It’s a pretty evocative image, isn’t it? And sometimes no small challenge to combine the two!
Getting logistical stuff done isn’t my favourite thing, but when I’m feeling clear and grounded, I’m pretty good at focusing my attention and checking things off the list. However feeling emotionally wobbly, adds another whole layer of challenge.
My thinking about this was triggered by my son Matthew who was in the midst of a big life transition. Part of this required him to attend to a bunch of time-sensitive logistics – something he’s probably even less passionate about than I am! I didn’t want to press or intrude, so I sent him my love and virtual support. In a WhatsAp note I let him know I was thinking of him, and appreciated the way he was figuring out how to be him in this new situation. I added that I trusted if there was anything more tangible I could do to support him he’d let me know.

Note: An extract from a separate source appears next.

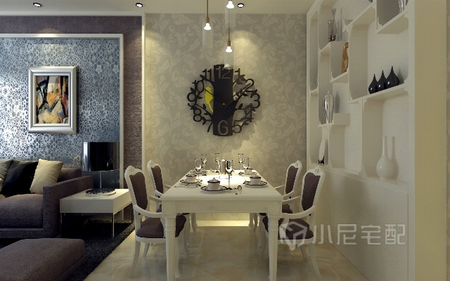 餐廳以簡約為主,白色餐桌,搭配白色的酒柜,趕腳棒棒噠

He responded: “Love you very much mumma, thanks for the thoughts and support, but mostly thanks for helping to nurture the resilience needed to keep working on kicking logistic butt whilst feeling a bit emotionally wobbly.”
I replied: “Loving you in your very understandable emotional wobbliness, AND (because I’ve seen you do it) having confidence in your capacity for logistical butt kicking under challenging conditions!” ❤️
As I’ve been thinking about this, I realize the importance of the point Matthew made – this ISN’T a capacity that comes to us automatically.
something we nurture over time.
This idea of nurturing our resilience to live in the tension of the need to get stuff done, while we’re feeling emotionally wobbly has been percolating in me over this last week. And in truth, it’s been a pretty full week here, so as the time to publish this eNews approaches, I’m aware of experiencing that tension as I write. I’m not writing about theory here – I’m noticing my automatic impulses and my intentional choices and sharing them with you!
It feels like there are two parts to this. There’s the part that’s nurturing over time, and the part that’s in the moment of experiencing that tension.
I’ve created a 2 page resource for the nurturing this resilience over time. It’s based on my infographic called Six Environments – Nurturing Our Creative Freedom. In the handout I explore what nurturing in each of those enviroments could look like – you can access the free download of the handout via this link: Creating Supportive Environments.
But what about those times when we’re actually in-the-moment-of-tension? Those times when we’re feeling emotionally wobbly AND there’s the need to produce – to kick some logistical butt! How do we ‘Be’ us there?
Seems to me that while we’ll each have our own unique responses to each of these moments, there are two common patterns – neither of which has much to do with ‘Be-ing’. My habitual go-to response was (and sometimes still is) to ignore those wobbly parts of me – pushing on, checking stuff off the list until I was totally exhausted. Definitely not very nurturing, or respectful of myself. The other common response I’ve seen is the collapse into upset helplessness – “I can’t do this, someone else is going to have to do it!” Not a pretty picture, and certainly not one where trust (of ourselves, or trust of others in us) is engendered.
Here are a few (more helpful) alternatives – in these moments, simple is key!
1. Pause – put your attention inside and breathe … slowly, deeply, and preferably several times!
2. Connect with the part of you that is wise and capable – the part that would be there in an instant if this was happening to a good friend, or your kid.
3. From that part of you, take a moment to be tender and breathe – send some loving energy to the emotionally wobbly part of you. As you do this, you’ll notice that part of you taking a breath and relaxing a bit.
4. In this quieter space, keep breathing, and shift your attention to kicking some logistic butt. And remember – chunk things down to baby steps … ask yourself “What’s the clear next action here?”
5. Rinse and repeat! In the same way your breathing cycle naturally flows – inhale – pause – exhale – pause – inhale – pause etc., this cycle of attention inside – loving energy – attention outside – clear next action – attention inside etc., is the most loving and effective way for us to ‘be’.
And one last thing – remember, you’re not alone here! Especially if the sense of wobbliness continues, or the feeling of overwhelm rises, connecting with trusted others is another key piece to this puzzle. They can often remind you of things you know to be true, but can’t in that moment access.
The day after my exchange with Matthew, it was my daughter Rachael who was feeling challenged. We’d connected via FaceTime, and together walked through that 5 Step Cycle. The next morning as she was heading out to work, I sent her this note:
“Morning sweet babe. Whatever the weather, sending you some sunshine this morning as you get ready and head out to work. ☀️ Was thinking of you and sending you love, remembering a particular shining moment of logistical butt kicking of yours. We were packing the car with your stuff in Hamilton – leaving the time after your Rec. work term there. I was trying to help you figure out what to put where. You stopped me and said – kindly but VERY clearly – “I got this Mum. I know how to do this. Just let me figure it out.” Like I said to Matthew the other night, I’ve watched you over the years, and I’m confident in your capacity to both love yourself up AND kick logistical butt in doing what it takes to look after yourself. You CAN do it!!”